Stuart Davis (December 7, 1892 – June 24, 1964), was an early American modernist painter. He was well known for his jazz-influenced, proto-pop art paintings of the 1940s and 1950s, bold, brash, and colorful, as well as his Ashcan School pictures in the early years of the 20th century. With the belief that his work could influence the sociopolitical environment of America, Davis' political message was apparent in all of his pieces from the most abstract to the clearest.[1] Contrary to most modernist artists, Davis was aware of his political objectives and allegiances and did not waver in loyalty via artwork during the course of his career.[2] By the 1930s, Davis was already a famous American painter, but that did not save him from feeling the negative effects of the Great Depression, which led to his being one of the first artists to apply for the Federal Art Project. Under the project, Davis created some seemingly Marxist works; however, he was too independent to fully support Marxist ideals and philosophies.[2] Despite several works that appear to reflect the class struggle, Davis' roots in American optimism is apparent throughout his lifetime.

Stuart Davis
Davis, 1940
Born(1892-12-07)December 7, 1892
DiedJune 24, 1964(1964-06-24) (aged 71)
NationalityAmerican
Known forPainting, Modernism
MovementAmerican modernism

Life and career

Stuart Davis was born on December 7, 1892, in Philadelphia to Edward Wyatt Davis, art editor of The Philadelphia Press, and Helen Stuart Davis, sculptor.[3] Starting in 1909, Davis began his formal art training under Robert Henri, the leader of the Ashcan School, at the Robert Henri School of Art in New York under 1912.[3][4] During this time, Davis befriended painters John Sloan, Glenn Coleman and Henry Glintenkamp.[5]

In 1913, Davis was one of the youngest painters to exhibit in the Armory Show, where he displayed five watercolor paintings in the Ashcan school style.[6][7] In the show, Davis was exposed to the works of a number of artists including Vincent van Gogh, Henri Matisse, and Pablo Picasso. Davis became a committed "modern" artist and a major exponent of cubism and modernism in America.[6] He spent summers painting in Gloucester, Massachusetts, and made painting trips to Havana in 1918 and New Mexico in 1923.[6]

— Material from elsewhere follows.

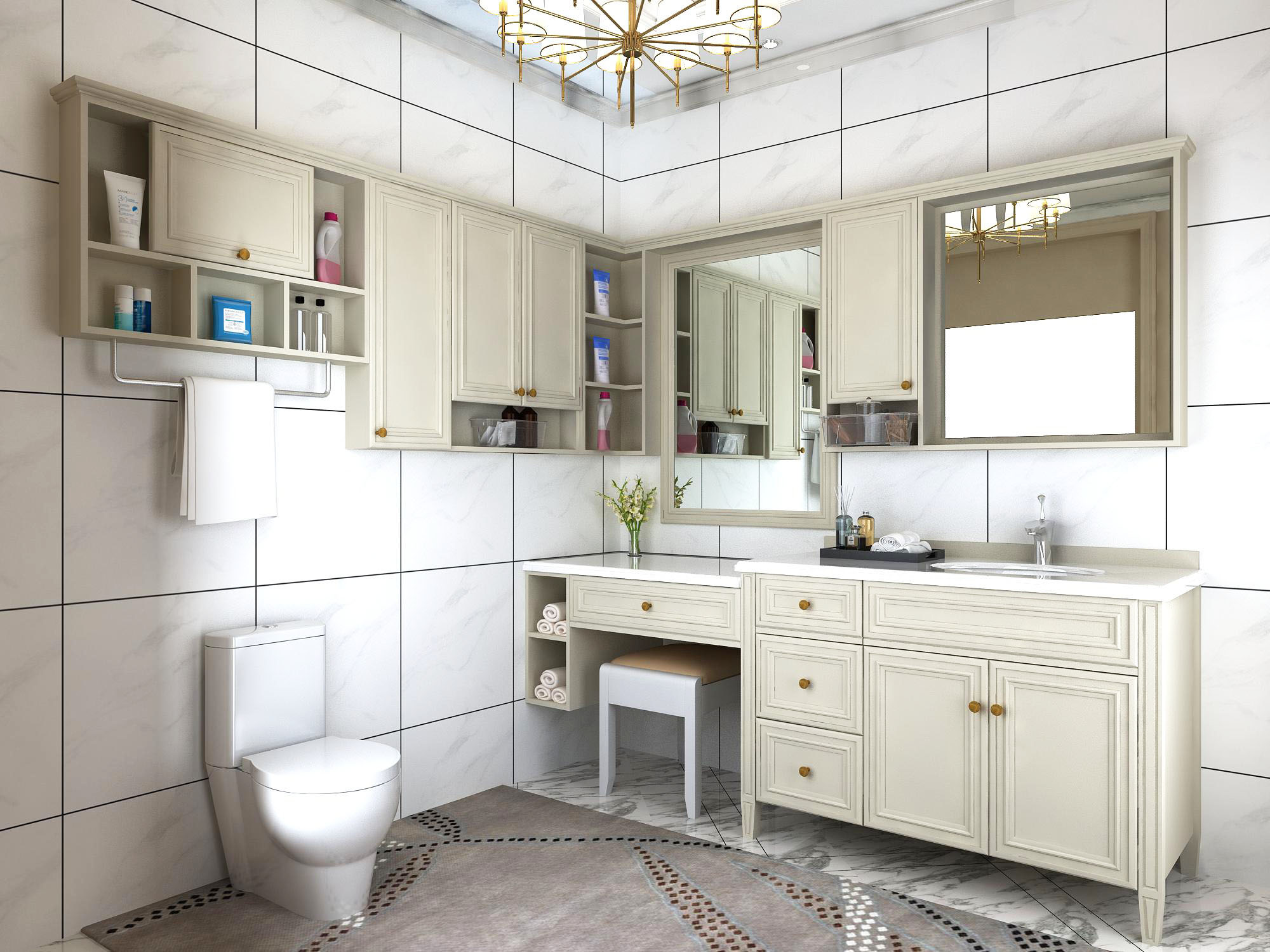 提拉柜门、转角柜、毛巾杆功能设计,实用性更强:

After spending several years emulating artists in the Armory Show, Davis started moving toward a signature style with his 1919 Self-Portrait, in the collection of the Amon Carter Museum of American Art.[8] In the 1920s he began his development into his mature style; painting abstract still lifes and landscapes. His use of contemporary subject matter such as cigarette packages and spark plug advertisements suggests a proto-pop art element to his work.[9] Among Davis' practices was his use of previous paintings. Elements of harbor scenes he painted in Gloucester, Massachusetts can be found in a number of subsequent works. Another practice was painting series, works with similar structures, but with altered colors or added geometric embellishments, essentially creating variations on a theme. Some commentators suggest that this aspect of his work parallels his love of jazz in which a basic chord structure is improvised upon by the musicians.

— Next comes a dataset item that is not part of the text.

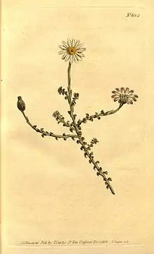 Polyarrhena is a genus of low, branching shrublets that is assigned to the daisy family (Compositae or Asteraceae). Its stems are alternately and densely set with entire or somewhat toothed leaves. Like in almost all Asteraceae, the individual flowers are 5-merous, small and clustered in typical heads, and which are surrounded by an involucre of in this case three whorls of bracts. In Polyarrhena, the centre of the head is taken by yellow disc florets, and is surrounded by one single whorl of white ligulate florets that have a pinkish-purple wash on the underside. These florets sit on a common base (or receptacle) and are not individually subtended by a bract (or palea). The species occur in the Cape Floristic Region. Polyarrhena reflexa has long been cultivated as an ornamental and is often known under its synonym Aster reflexum.[1]

In 1928, he visited Paris, France for a year, where he painted street scenes. In 1929, while in Paris, he married his American girlfriend, Bessie Chosak.[10] In the 1930s, he became increasingly politically engaged; according to Cécile Whiting, Davis' goal was to "reconcile abstract art with Marxism and modern industrial society".[6] In 1934 he joined the Artists' Union; he was later elected its President.[6] In 1936 the American Artists' Congress elected him National Secretary. He painted murals for Federal Art Project of the Works Progress Administration that are influenced by his love of jazz.[6]

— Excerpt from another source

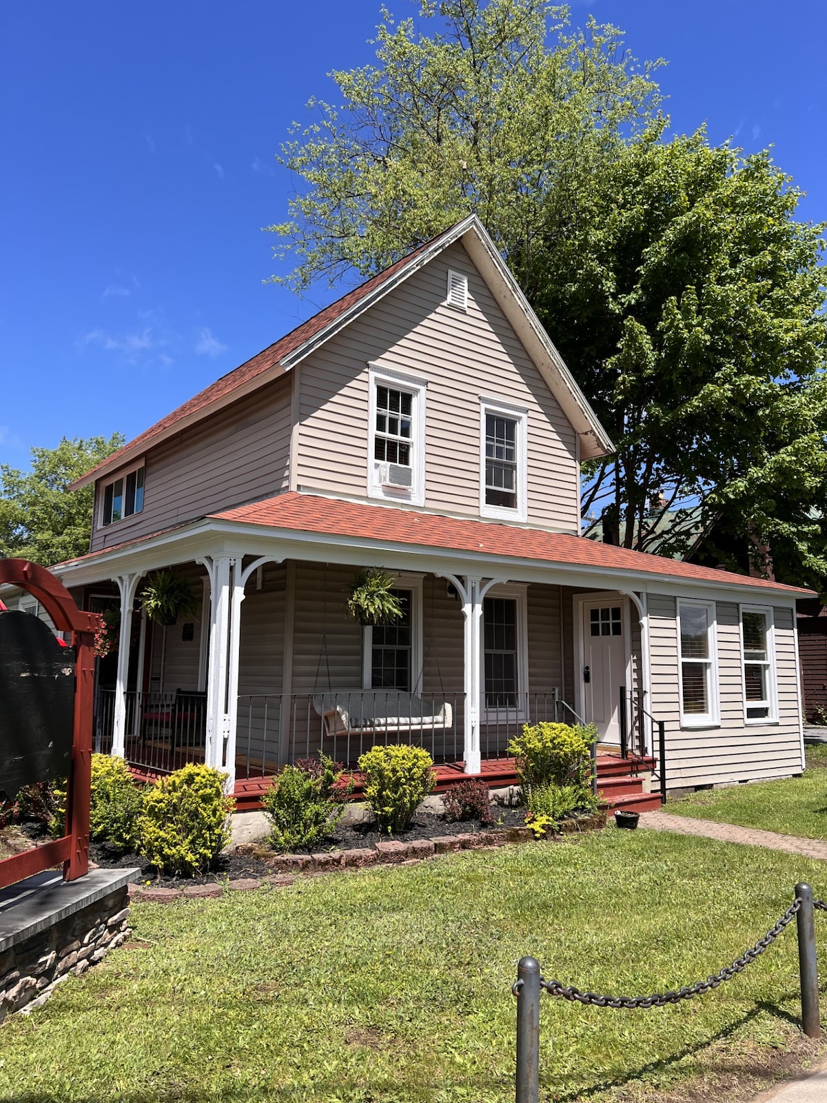 Dobro došli u naš Neck of the Woods! U ovoj jedinici sa 2 kreveta/1 kupatilom na spratu udobno će spavati 5 osoba, ali može da spava 6. Jednostavna otvorena kuhinja i dnevni boravak pružaju dovoljno prostora za uživanje. Sa gornjeg balkona pruža se predivan pogled na krave koje pasu, dok naš kameni kamin u dvorištu i unutrašnje dvorište imaju najbolji pogled na prelepe zalaske sunca. Nalazimo se na 25 minuta od Kuperstauna, 60 minuta od Olstar Vilidža, 15 minuta od Herkimera i 25 minuta od Jutike! Smještaj za četiri sezone. .

US postage stamp of 1964 featuring 'Detail Study for Cliche' by Stuart Davis

In 1932 Davis was devastated by the loss of his wife, Bessie Chosak Davis who died after complications from a botched abortion.[11] Also in 1932 Davis executed a mural commission for Radio City Music Hall which the Rockefeller Center Art Committee named "Men Without Women" (after Ernest Hemingway's second collection of short stories completed the same year). According to Hilton Kramer in a 1975 piece on the work in the New York Times the artist was happy neither with the location in which the mural was placed or the title it was given[12]

[13]

In 1938, Davis married Roselle Springer and spent his late life teaching at the New York School for Social Research and at Yale University.[3]

From 1945–1951, Davis worked on The Mellow Pad, an abstract work inspired by jazz music.[14][15]

In 1947–52, two works by Stuart Davis, For internal use only (1945) and Composition (1863) (c. 1930) were featured in the Painting toward architecture crossover art and design exhibition, in 28 venues.[16]

He was represented by Edith Gregor Halpert at the Downtown Gallery in New York City.

One of his last paintings, Blips and Ifs, created between 1963 and 1964, is in the collection of the Amon Carter Museum of American Art.[17]

The US Post Office in 1964 issued a stamp featuring 'Detail Study for Cliche' by Davis.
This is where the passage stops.